Rapid Highly Multiplexed Immunoprofiling of Fixed Human Tissues by Orion Imaging

So in this regard, with this experience with cyclic immunofluorescence, we kind of got a sense of the pros and cons of the cyclic method and we stepped back and started thinking about what are the requirements for, what are the design features basically of optimal tissue imaging platforms and that would be compatible with pathology workflows both in the research setting, in the clinical translational setting, and hopefully at some point in the clinical setting. So these are the ten principles, basically you know we whole slide, highly multiplexed fluorescence imaging of tissues on glass slides is important so that we can get the entirety of the sample image and do an analysis on the entirety of the sample and this is a critical feature for digital pathology which in our survey of experts and the FDA’s guidance recommends using whole slide data. We’re looking for rapid, same-day, single pass, data acquisition rather than the cyclic sequential methods which can lead to some tissue degradation, which also just take a long time acquiring data from one slide using our method, one cycle is a day, we run 30 slides at a time or 40 using the HT3. But nonetheless, you know it does take about two weeks to collect a full data set, although it does take quite a while to understand it too so that two days, that two weeks is not, it’s not maybe prohibitive. We also you know, we believe in that it’s really important to do simultaneous channel acquisition in the range of 12 to 20 markers because this allows us to then enumerate immune cell types, tumor cells, and stroma and we can readily distinguish them and as I mentioned enumerate them and define their cell state.

On number four, the importance of imaging with subcellular resolution so that the data can be readily obtained so that the data can be readily obtained on single cells via segmentation and single cell analysis, and this permits also a study of critical sub-sailor events which is kind of a new frontier in some of the work that’s coming out of multiplex imaging. Number five is the removal of autofluorescence to assist in the detection of low expression proteins, for instance PD-L1, and we also feel that there’s a lot of information present in the autofluorescence that can also be very informative and useful particularly when assessing some stromal components. Number six, it’s obvious compatibility with formalin fixed and paraffin embedded FFP tissues. You know this is what we routinely use in pathology labs and it’s just one of the workhorses, but these methods should also be applicable and usable on frozen tissues. Number seven is bright field imaging of standard tissue stains such as H&E on the same tissue section. What’s really nice about this and I’ll show you a little bit in a while is that is then you can as I mentioned, integrate multiplex information and know-how and knowledge into the context of H&E but it also allows for combined learning approaches.
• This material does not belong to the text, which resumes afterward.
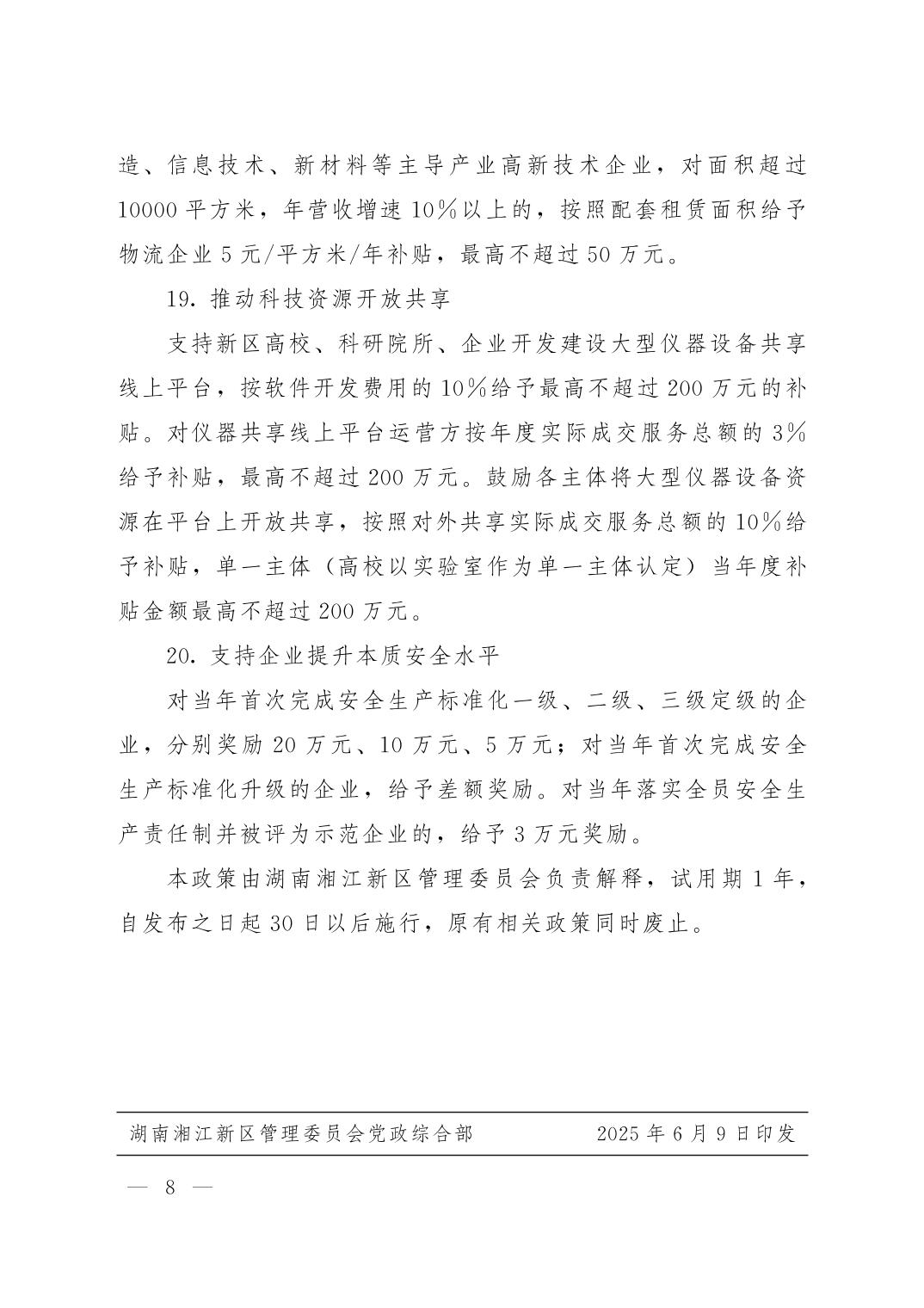 关于《湖南湘江新区(长沙高新区)促进经济高质量发展的若干政策(试行)》政策解读

And then another obvious point is availability of customizable and validated antibody panels both for human and for model organisms such as mouse, optical and mechanical stability, this is important for stitching together these large whole slide images from what can be hundreds of individual fields of view and then compatibility with H&E established image formats ome tiff, bio formats 6.0, and metadata standards. As I showed earlier, we have a metadata standard called mighty which is important for sharing data.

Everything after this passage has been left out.